Rheumatoid Arthritis

23 April 2008

Patients suffering from rheumatoid arthritis (RA) who switched to the "Mediterranean diet" regimen for three months showed a significant reduction in clinical symptoms, with the diet appearing to decrease disease activity in patients who have stable and modestly active RA. The Mediterranean diet used olive and canola oils as a primary source of fat, and was high in fish, poultry, fruit, vegetables, and legumes, and low in red meat and high fat dairy products. The patients on the Mediterranean diet lost 3 kg in weight, and their cholesterol levels fell after only three weeks. After six weeks on the diet their index of inflammatory activity started to fall and at 12 weeks, both physical function and vitality had also improved, and nine out of 14 variables changed for the better. There was no evidence of any changes in a control group following their normal diet. (Annals of the Rheumatic Diseases 2003;62:208-14).

A high intake of olive oil and cooked vegetables may reduce the risk of developing the rheumatoid arthritis, according to researchers from the University of Athens Medical School. Study participants who used the most olive oil were significantly less likely to develop rheumatoid arthritis than people who consumed the least, and those who ate the greatest number of servings of cooked vegetables were about 75% less likely to develop rheumatoid arthritis than those who reported eating the fewest servings (American Journal of Clinical Nutrition, 1999;70:1077-1082). A Barcelona study reported in Gut journal has shown that rats fed on a diet rich in olive oil and given a cancer-inducing agent had less pre-cancerous tissue and fewer tumours than those fed fish or safflower oils. Another study carried out at the Harvard School of Public Health, Boston, Massachusetts, has shown that people who consume at least five servings of fruits and vegetables a day are less likely to suffer from ischaemic stroke, the most common form of stroke, than those who eat fewer than three servings a day. This analysis of 75,596 women over 14 years, and 38,683 men over 8 years, found that the risk of ischaemic stroke was 31% lower in women who consumed a median of 5.8 servings of fruits and vegetables per day, and in men who consumed a median of 5.1 servings per day (The Journal of the American Medical Association 1999;282:1233-1239).

Drinking green tea could help keep arthritis at bay, say scientists. Researchers at the University of Sheffield have found that two compounds found in green tea can help prevent osteoarthritis by blocking the enzyme that destroys cartilage. Green tea, first discovered in China nearly 5,000 years ago, has long been thought to be beneficial to health. The Arthritis Research Campaign, which partly funded the research, said the initial results were promising. A spokeswoman said: "These findings are of great interest, and although further research needs to be done, in the mean time people should drink green tea as it's not going to do them any harm - and may in fact do them a lot of good." (BBC News 15 February, 2003)

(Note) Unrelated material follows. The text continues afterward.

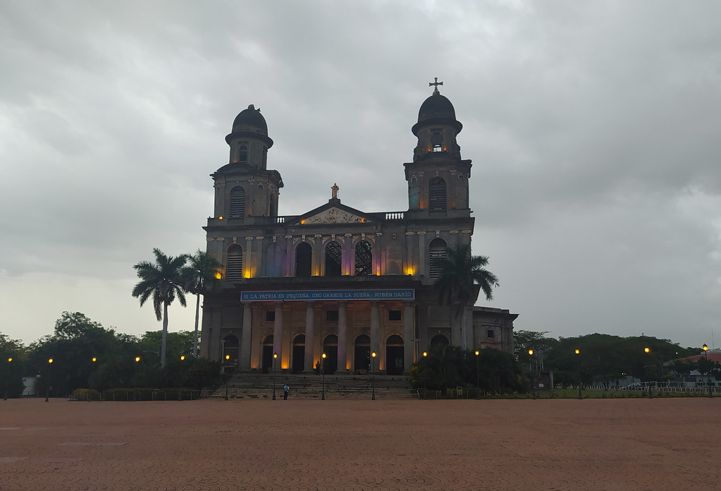 La Plaza de República, también conocida como Plaza de la Revolución, completamente vacía, en la víspera de la celebración del 19 de julio, en Managua. // Foto: Nayira Valenzuela.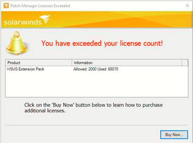 Your product license determines the number of computers you can manage in your deployment. If you launch Patch Manager and you have exceeded your license count based on your license tier, the following error message displays in the console.

Chinese medicine classifies rheumatic conditions (bi) according to weather type (wind, damp, cold, heat), whilst the word rheumatism itself implies wateriness, originating from the Greek for “stream” or “bodily humour”. Despite this, modern medicine has refuted any connection between rheumatic conditions and weather. Now Argentine research carried out in the city of Cordoba has shown that when 151 patient suffering from rheumatoid arthritis, osteoarthritis or fibromyalgia were asked to keep a pain journal (but not told why), a clear correlation emerged. Pain severity increased in rheumatoid arthritis patients with low temperature, high atmospheric pressure, and high humidity, in osteoarthritis patients with low temperature and high humidity, and in fibromyalgia patients with low temperature and high barometric pressure. There was no correlation between weather conditions and pain in the controls (J Rheumatol 2002;29:335-8).